Work instructions » Return each entry word for word and skip its pictures.

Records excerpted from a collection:

================

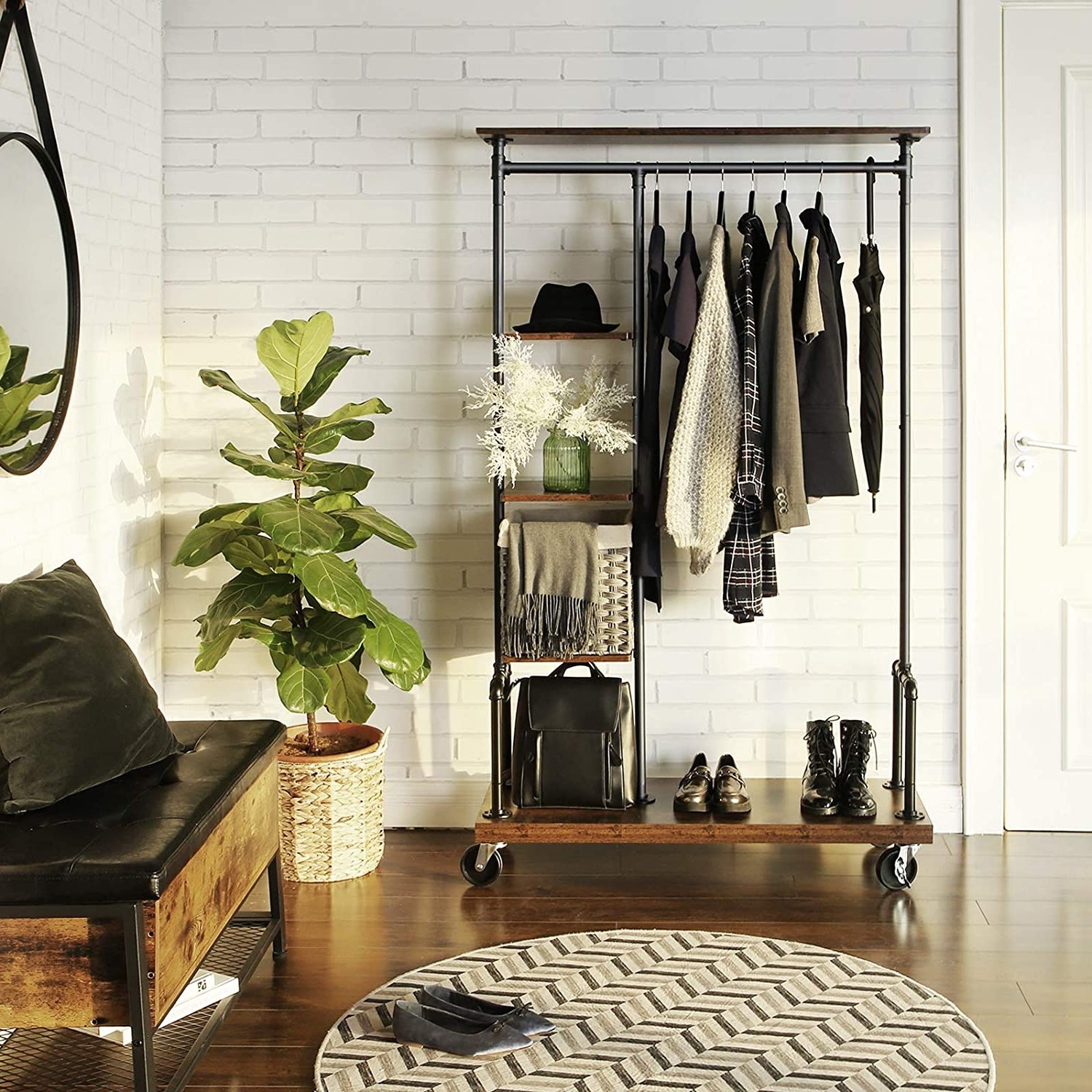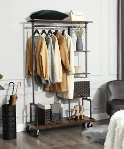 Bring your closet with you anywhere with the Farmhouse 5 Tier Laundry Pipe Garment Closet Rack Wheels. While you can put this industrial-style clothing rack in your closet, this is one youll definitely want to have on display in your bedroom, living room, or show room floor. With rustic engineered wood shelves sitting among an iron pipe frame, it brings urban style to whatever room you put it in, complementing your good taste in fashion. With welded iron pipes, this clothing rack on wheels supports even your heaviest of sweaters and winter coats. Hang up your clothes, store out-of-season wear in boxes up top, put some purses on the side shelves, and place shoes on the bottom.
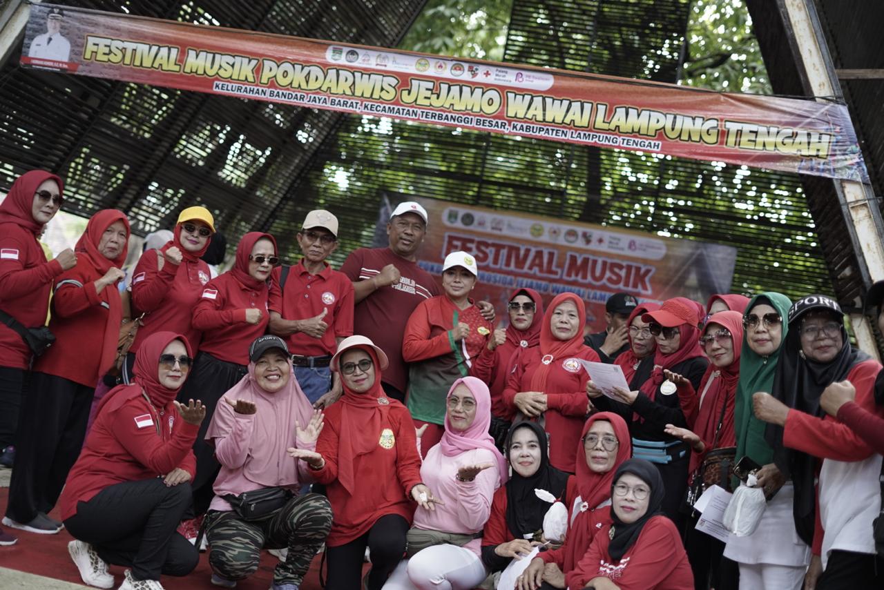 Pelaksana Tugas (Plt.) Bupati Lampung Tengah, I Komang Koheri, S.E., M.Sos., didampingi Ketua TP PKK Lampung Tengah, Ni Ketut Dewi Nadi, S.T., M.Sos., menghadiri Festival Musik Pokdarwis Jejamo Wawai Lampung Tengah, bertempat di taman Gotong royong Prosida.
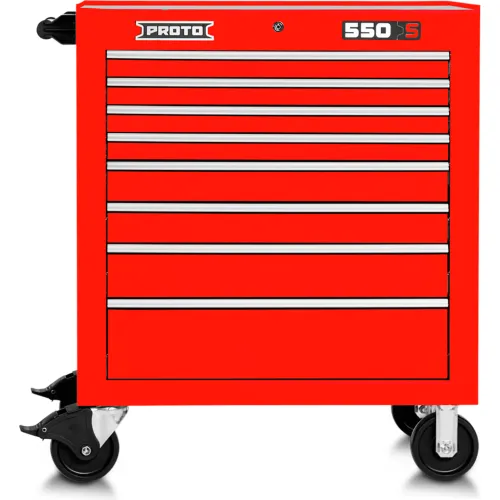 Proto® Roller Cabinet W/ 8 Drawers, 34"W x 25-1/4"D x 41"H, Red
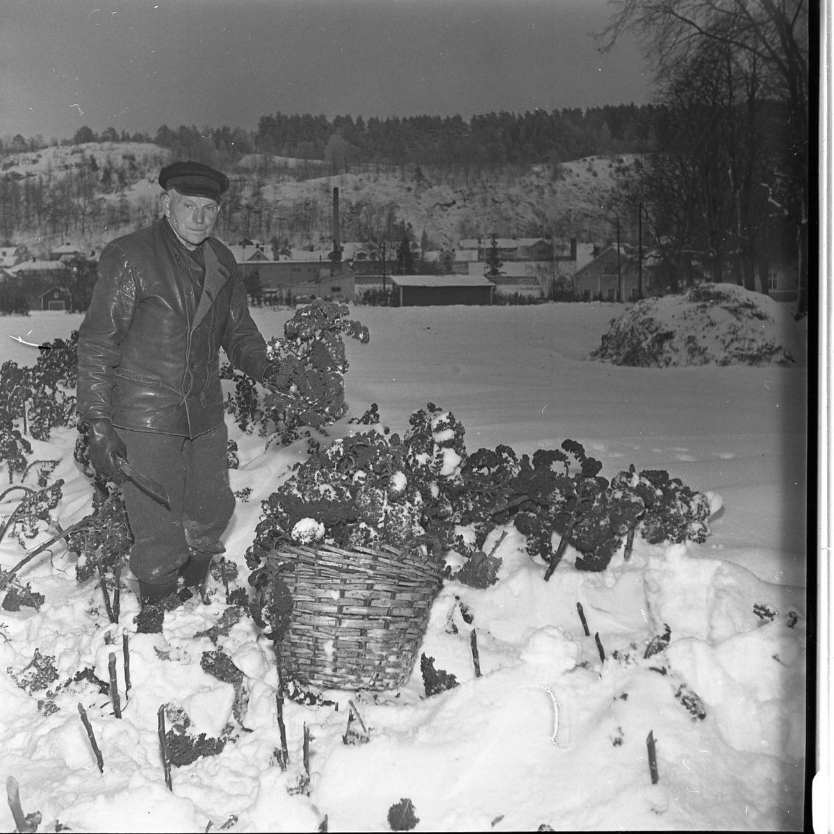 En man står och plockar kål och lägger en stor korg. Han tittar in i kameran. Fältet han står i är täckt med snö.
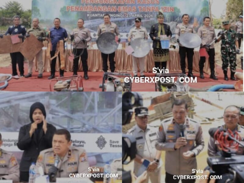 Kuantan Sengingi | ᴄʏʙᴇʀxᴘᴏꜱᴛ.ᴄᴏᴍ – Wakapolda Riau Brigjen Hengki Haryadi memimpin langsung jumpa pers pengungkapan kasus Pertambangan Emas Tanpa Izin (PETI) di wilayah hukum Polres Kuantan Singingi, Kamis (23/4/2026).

================

Task output »
 Bring your closet with you anywhere with the Farmhouse 5 Tier Laundry Pipe Garment Closet Rack Wheels. While you can put this industrial-style clothing rack in your closet, this is one youll definitely want to have on display in your bedroom, living room, or show room floor. With rustic engineered wood shelves sitting among an iron pipe frame, it brings urban style to whatever room you put it in, complementing your good taste in fashion. With welded iron pipes, this clothing rack on wheels supports even your heaviest of sweaters and winter coats. Hang up your clothes, store out-of-season wear in boxes up top, put some purses on the side shelves, and place shoes on the bottom.
 Pelaksana Tugas (Plt.) Bupati Lampung Tengah, I Komang Koheri, S.E., M.Sos., didampingi Ketua TP PKK Lampung Tengah, Ni Ketut Dewi Nadi, S.T., M.Sos., menghadiri Festival Musik Pokdarwis Jejamo Wawai Lampung Tengah, bertempat di taman Gotong royong Prosida.
 Proto® Roller Cabinet W/ 8 Drawers, 34"W x 25-1/4"D x 41"H, Red
 En man står och plockar kål och lägger en stor korg. Han tittar in i kameran. Fältet han står i är täckt med snö.
 Kuantan Sengingi | ᴄʏʙᴇʀxᴘᴏꜱᴛ.ᴄᴏᴍ – Wakapolda Riau Brigjen Hengki Haryadi memimpin langsung jumpa pers pengungkapan kasus Pertambangan Emas Tanpa Izin (PETI) di wilayah hukum Polres Kuantan Singingi, Kamis (23/4/2026).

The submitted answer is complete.